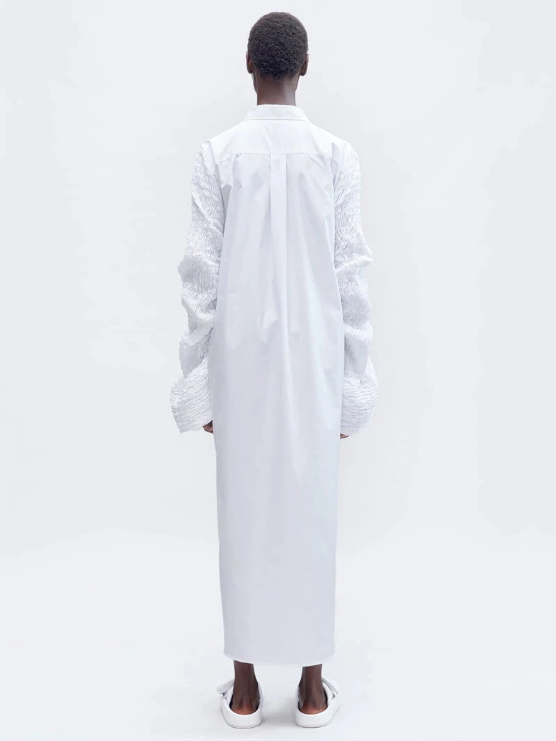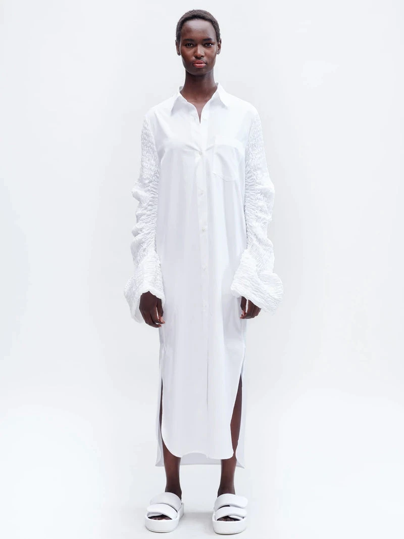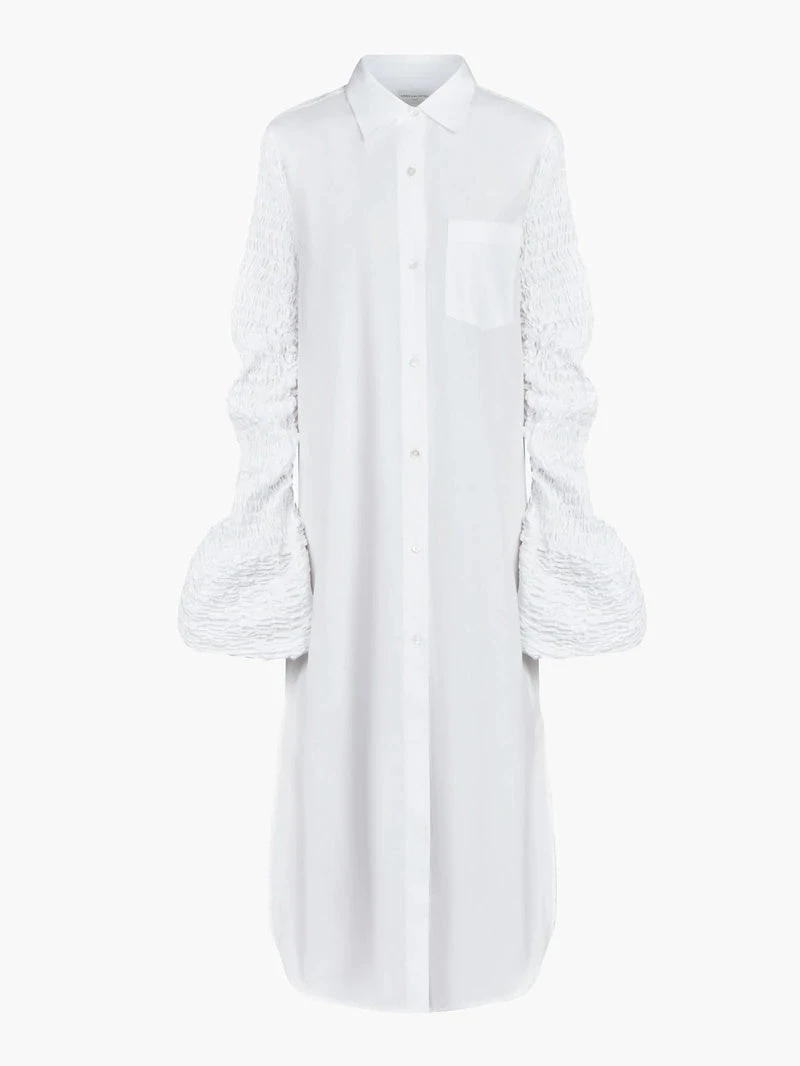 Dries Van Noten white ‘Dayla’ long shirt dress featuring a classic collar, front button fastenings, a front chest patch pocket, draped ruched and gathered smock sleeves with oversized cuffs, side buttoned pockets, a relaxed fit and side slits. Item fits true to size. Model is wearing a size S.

* * *

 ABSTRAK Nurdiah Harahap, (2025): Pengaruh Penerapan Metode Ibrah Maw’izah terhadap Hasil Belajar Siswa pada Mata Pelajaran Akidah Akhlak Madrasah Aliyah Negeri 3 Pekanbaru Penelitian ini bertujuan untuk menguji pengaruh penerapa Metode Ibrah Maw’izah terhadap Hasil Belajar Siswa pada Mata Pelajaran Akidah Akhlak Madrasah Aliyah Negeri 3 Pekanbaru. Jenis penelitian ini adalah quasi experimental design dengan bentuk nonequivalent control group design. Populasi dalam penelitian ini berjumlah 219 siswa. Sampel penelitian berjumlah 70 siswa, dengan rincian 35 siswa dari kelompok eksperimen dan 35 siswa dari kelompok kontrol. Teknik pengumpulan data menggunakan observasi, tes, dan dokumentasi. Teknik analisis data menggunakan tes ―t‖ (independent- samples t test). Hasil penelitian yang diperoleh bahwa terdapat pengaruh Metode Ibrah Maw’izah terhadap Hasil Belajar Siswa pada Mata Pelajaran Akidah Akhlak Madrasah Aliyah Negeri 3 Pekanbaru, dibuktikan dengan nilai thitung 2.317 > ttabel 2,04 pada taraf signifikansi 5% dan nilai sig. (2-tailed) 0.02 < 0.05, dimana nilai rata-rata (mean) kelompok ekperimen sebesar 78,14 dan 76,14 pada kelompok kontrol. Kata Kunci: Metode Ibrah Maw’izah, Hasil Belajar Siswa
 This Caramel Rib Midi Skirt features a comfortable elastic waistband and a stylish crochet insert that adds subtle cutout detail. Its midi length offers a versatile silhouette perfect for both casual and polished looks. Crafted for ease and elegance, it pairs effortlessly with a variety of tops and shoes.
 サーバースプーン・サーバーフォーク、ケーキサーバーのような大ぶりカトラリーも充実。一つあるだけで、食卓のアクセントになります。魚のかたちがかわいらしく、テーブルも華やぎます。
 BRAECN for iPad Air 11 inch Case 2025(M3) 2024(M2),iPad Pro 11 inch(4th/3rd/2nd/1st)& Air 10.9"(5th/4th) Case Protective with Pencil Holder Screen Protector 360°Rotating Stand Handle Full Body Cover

#### INSTRUCTIONS FOR THE TASK:
After locating the line with "This Caramel Rib" in the material above, return it and each line after it exactly, ending at the line with "BRAECN for iPad".

#### EXERCISE RESPONSE:
 This Caramel Rib Midi Skirt features a comfortable elastic waistband and a stylish crochet insert that adds subtle cutout detail. Its midi length offers a versatile silhouette perfect for both casual and polished looks. Crafted for ease and elegance, it pairs effortlessly with a variety of tops and shoes.
 サーバースプーン・サーバーフォーク、ケーキサーバーのような大ぶりカトラリーも充実。一つあるだけで、食卓のアクセントになります。魚のかたちがかわいらしく、テーブルも華やぎます。
 BRAECN for iPad Air 11 inch Case 2025(M3) 2024(M2),iPad Pro 11 inch(4th/3rd/2nd/1st)& Air 10.9"(5th/4th) Case Protective with Pencil Holder Screen Protector 360°Rotating Stand Handle Full Body Cover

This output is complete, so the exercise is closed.